> Assignment:
Give back the full listing exactly, setting the pictures aside.

> Recorded data:

"""

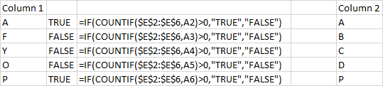 =IF(COUNTIF($E$2:$E$6,A2)>0,"TRUE","FALSE")结果:
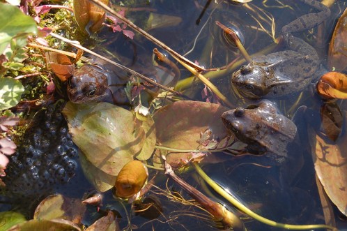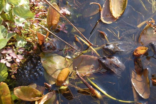 “Mid to late February is the time each year when our Common Frogs come to sing, mate and then leave balls of spawn in our wildlife pond. Thus early this month Jude donned her chest waders and cleaned up the pond. She removed Duckweed, Blanket Weed and fallen leaves, then thinned out the water plants.
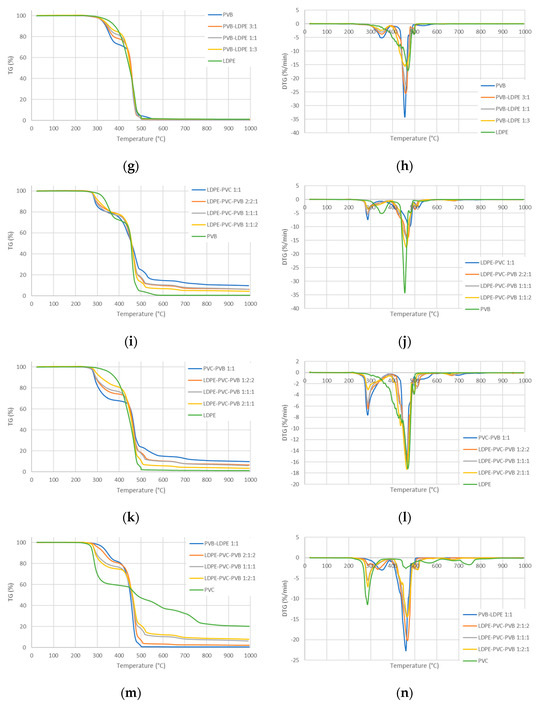 The pyrolysis temperature ranges for LDPE, PVC and PVB are 230–511 °C, 217–876 °C and 237–584 °C, respectively. PVC pyrolysis started at the lowest temperature and finished at the highest one, whereas LDPE pyrolysis started at the highest and finished at the lowest temperature. Compared to LDPE and PVB, PVC had a wide range of thermal decomposition temperatures, which is consistent with the results reported by [58,59]. Differences in the molecular structures of these materials significantly influence the thermal degradation process. The mass loss for LDPE and PVB was very high and reached around 99%, whereas it reached only around 80% for PVC. Hence, it follows that LDPE and PVB pyrolysis is nearly complete and occurs in a relatively narrow range of temperatures, whereas PVC pyrolysis is not full and requires a wide range of temperatures. The binary (Figure 3c–h) and ternary mixtures (Figure 3i–n) show TG/DTG curves approximately being blends of those for the main components. The differences between expected and observed TG/DTG curves for the blends are discussed in Section 3.4.

"""

> Response:
 =IF(COUNTIF($E$2:$E$6,A2)>0,"TRUE","FALSE")结果:
 “Mid to late February is the time each year when our Common Frogs come to sing, mate and then leave balls of spawn in our wildlife pond. Thus early this month Jude donned her chest waders and cleaned up the pond. She removed Duckweed, Blanket Weed and fallen leaves, then thinned out the water plants.
 The pyrolysis temperature ranges for LDPE, PVC and PVB are 230–511 °C, 217–876 °C and 237–584 °C, respectively. PVC pyrolysis started at the lowest temperature and finished at the highest one, whereas LDPE pyrolysis started at the highest and finished at the lowest temperature. Compared to LDPE and PVB, PVC had a wide range of thermal decomposition temperatures, which is consistent with the results reported by [58,59]. Differences in the molecular structures of these materials significantly influence the thermal degradation process. The mass loss for LDPE and PVB was very high and reached around 99%, whereas it reached only around 80% for PVC. Hence, it follows that LDPE and PVB pyrolysis is nearly complete and occurs in a relatively narrow range of temperatures, whereas PVC pyrolysis is not full and requires a wide range of temperatures. The binary (Figure 3c–h) and ternary mixtures (Figure 3i–n) show TG/DTG curves approximately being blends of those for the main components. The differences between expected and observed TG/DTG curves for the blends are discussed in Section 3.4.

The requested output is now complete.